I just read an article by someone whose last name is Roitblat. I know Carlos Montemayor has talked a lot about this. And others. They say, “Look, if your definition of intelligence is just at the level of goal satisfaction and satisfying some objective function, probably never.” Probably never, is AI going to turn into a person.
If you include intelligence that AI figures out a problem, sets some objective for itself, and then satisfies that objective through its cognitive resources, then that comes a lot closer to humans. But it also is an AI that is almost always going to be deeply cooperative.
You know, let's say an AI system was doing some physics work and it came up with a new theory of how we could test for dark matter. Assuming it’s anything like the normal methods, you’ve got to have a lot of buy in. You’ve got to have politicians funding it. You’ve got to get the NSF to approve your grant. You’ve got to get people to work with you. You’ve got to get people to give you land and help you develop it. And so in those cases, the consequences of wrong action would be steep if people decided they couldn't work with you as an AI system.
I think consequences for AI are going to show up most obviously when AIs not only have goals, but they recognize that they need to cooperate with other agents to achieve those goals. And in that case, consequences are severe. So I think consequences in this context are social consequences: that people won't cooperate with you as an AI system. And a machine that is doing things that make them not worth cooperating with is going to have to switch tactics.
Being uncooperative is a reputation that’s hard to shake. If people say an AI is just not trustworthy, the AI has to start from scratch and rebuild its reputation. I think that would happen as much to an AI system as anyone else. If an AI were to find itself saying, “In order to achieve my goals, I need other people to trust me,” the AI is going to start behaving, even if it’s just pursuing its own self-interest. It’s going to start behaving like a pretty normal moral agent.
If AI does achieve personhood by some reasonable definition of that word, what obligations do we have to AI from a moral standpoint? As I'm sure you know, Peter Singer and even before him, Jeremy Bentham have said that the capacity to experience suffering is what confers moral consideration on a being or an entity. If AI does get to a point where it's accountable and experiencing associated consequences, then again, in some sense AI must be suffering. So what moral obligations would we have in that case?
My initial thought on it is suffering, especially as Peter Singer is thinking about it, is so biological. He's thinking about, when do we see pain signals in the body and when do we see adaptive behavior and response to those pain signals? Because obviously you can't peer inside their head and see if they're conscious or anything. So I'm not convinced will hit that point anytime soon. Or that anyone is really interested in making a being that sufferers in the physical sense.
If they do suffer though, if they're have something like the intelligence of humans, then physical suffering is not all the suffering there is. There's an enormous amount of suffering, like you mentioned, when your ambitions are thwarted and that's extremely painful. And I think we'll have to probably deal with that with these systems if they feel like they're being wronged, if they feel like they're being shunted and ignored, then ask, “Do we have more accountability to them?”
But it's a very funny thing because it's a route to suffering that's utterly unrelated to any other evolved being, and so, so much has to go into it. I'm not sure how it's going to play out. It might be a very long time before this is something that we're even able to ask the appropriate questions about. Like, does it feel suffering in the sense of does it feel wronged because as you said, I'm not going to help you achieve your project. Does it feel like you disrespected it? You know, I don't think feeling disrespect is legitimately a feeling in the sense. I think it can be a cognitive state of “I was not treated with respect,” but that's a long ways off for any of the systems we're working with.
I want to touch a little bit on AI and existential risk. This is a topic that you see in the news a lot today. People are concerned the AI will evolve to a point where it could destroy humanity. But as I read your work, I began to feel that the arguments around existential risk are really more rooted in the Cartesian concept of personhood we talked about earlier, the idea that AI will have essentially enormous cognitive capacity.

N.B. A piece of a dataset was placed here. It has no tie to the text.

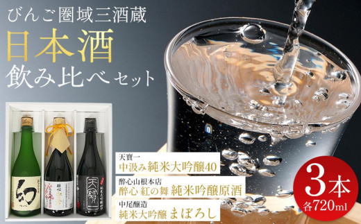 備後圏域の酒蔵を集めた日本酒セット。 福山市・三原市・竹原市のお酒が味わえます。 <天寶一>中汲み純米大吟醸40 一番美味しい中汲み部分を瓶詰した純米大吟醸。特別栽培米「山田錦」を使用したことで、山田錦由来のコクを上品に表現しています。 <醉心山根本店>醉心 紅の舞 純米吟醸原酒 広島県産の酒造好適米を100%使用し、さらに仕込み水には広島県中央部のブナの原生林より湧き出る天然水を100%使って造ったお酒。正に“広島のお酒”。華やかな果実香と奥深い味わいがマッチした、純米吟醸原酒です。 <中尾醸造>純米大吟醸 まぼろし 4代目中尾清磨が発見したリンゴ酵母で醸した純米大吟醸酒。1948年に全国品評会で1位を受賞、3年連続で皇室新年御用酒の栄を賜りました。当時の製法を忠実に守り、今に再現したお酒です。 この返礼品は、福山市・三原市・竹原市の各市で製造された、備後圏域共通返礼品です。 【備後圏域連携中枢都市圏】 備後圏域は、広島県の三原市・尾道市・福山市・府中市・竹原市・世羅町・神石高原町、岡山県の笠岡市・井原市の7市2町で構成されています。 県境を越えて生活圏が重なり、地域の結びつきが強いのは、古くは備後国として1つであった歴史があったから。 中国地方の交通・物流の拠点であり、ものづくり産業の中心地、美しい景色に恵まれた観光地、そして温かな人々が住む圏域です。

But the arguments around existential risk really ignore the social conception of personhood, it seems to me, because if AI achieves personhood in the social sense, presumably they'll have some concept of social norms. They might not have the exact same social norms as humans, but they will recognize and appreciate that social norms exist, and in particular appreciate that a social norm should be, you know, don't destroy all of humanity. What are your thoughts there?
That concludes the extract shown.